Top of Input data

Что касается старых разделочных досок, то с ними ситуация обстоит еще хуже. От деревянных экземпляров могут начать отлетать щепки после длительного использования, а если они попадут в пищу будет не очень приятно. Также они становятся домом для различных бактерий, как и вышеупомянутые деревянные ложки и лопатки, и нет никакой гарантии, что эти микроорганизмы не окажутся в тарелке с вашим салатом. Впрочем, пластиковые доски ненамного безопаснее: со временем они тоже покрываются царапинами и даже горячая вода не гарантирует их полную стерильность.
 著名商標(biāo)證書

Bottom of Input data
Top of Input data

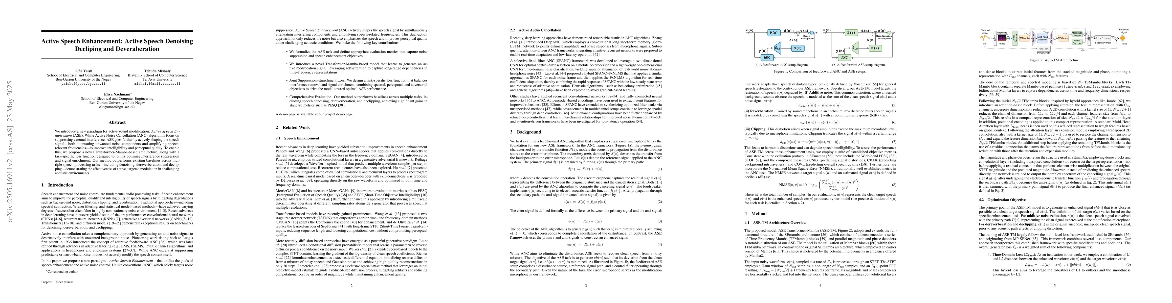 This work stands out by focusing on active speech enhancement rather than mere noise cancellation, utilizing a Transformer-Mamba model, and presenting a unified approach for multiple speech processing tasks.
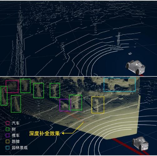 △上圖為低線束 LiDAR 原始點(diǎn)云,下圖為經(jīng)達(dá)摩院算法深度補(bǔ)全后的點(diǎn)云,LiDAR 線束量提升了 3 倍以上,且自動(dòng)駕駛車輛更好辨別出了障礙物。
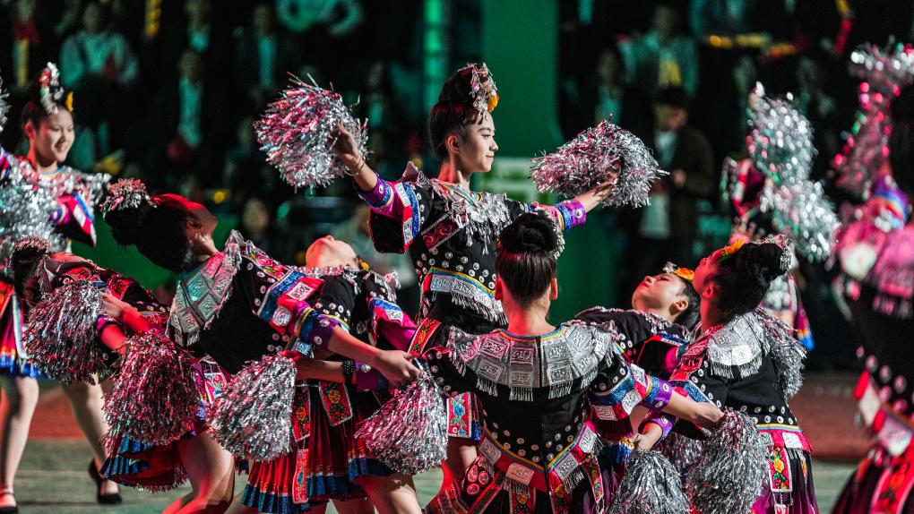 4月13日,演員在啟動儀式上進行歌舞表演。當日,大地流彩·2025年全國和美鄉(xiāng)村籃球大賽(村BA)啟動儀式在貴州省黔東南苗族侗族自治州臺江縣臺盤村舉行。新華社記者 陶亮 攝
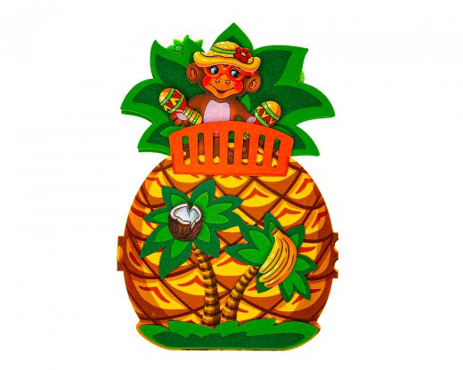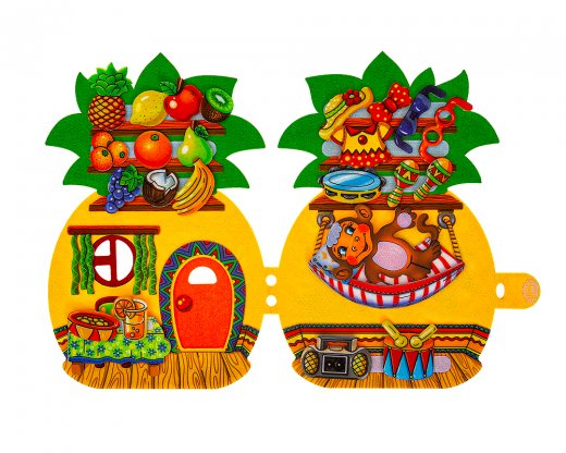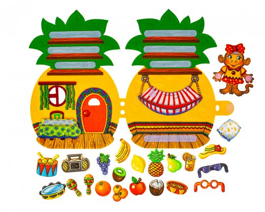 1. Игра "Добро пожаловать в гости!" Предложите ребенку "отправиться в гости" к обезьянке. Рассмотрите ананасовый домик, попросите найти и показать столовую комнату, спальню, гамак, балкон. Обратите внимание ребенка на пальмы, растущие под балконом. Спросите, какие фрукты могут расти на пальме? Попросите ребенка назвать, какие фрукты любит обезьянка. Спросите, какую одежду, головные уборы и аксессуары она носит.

Bottom of Input data

Using the data above, set down each line from the line with "線束量提升了 3 倍以上,且自動(dòng)駕駛車輛更好辨別出了障礙物。" to the line with "аксессуары она носит." exactly, both ends included, and leave the pictures behind. Nothing else belongs.

 △上圖為低線束 LiDAR 原始點(diǎn)云,下圖為經(jīng)達(dá)摩院算法深度補(bǔ)全后的點(diǎn)云,LiDAR 線束量提升了 3 倍以上,且自動(dòng)駕駛車輛更好辨別出了障礙物。
 4月13日,演員在啟動儀式上進行歌舞表演。當日,大地流彩·2025年全國和美鄉(xiāng)村籃球大賽(村BA)啟動儀式在貴州省黔東南苗族侗族自治州臺江縣臺盤村舉行。新華社記者 陶亮 攝
 1. Игра "Добро пожаловать в гости!" Предложите ребенку "отправиться в гости" к обезьянке. Рассмотрите ананасовый домик, попросите найти и показать столовую комнату, спальню, гамак, балкон. Обратите внимание ребенка на пальмы, растущие под балконом. Спросите, какие фрукты могут расти на пальме? Попросите ребенка назвать, какие фрукты любит обезьянка. Спросите, какую одежду, головные уборы и аксессуары она носит.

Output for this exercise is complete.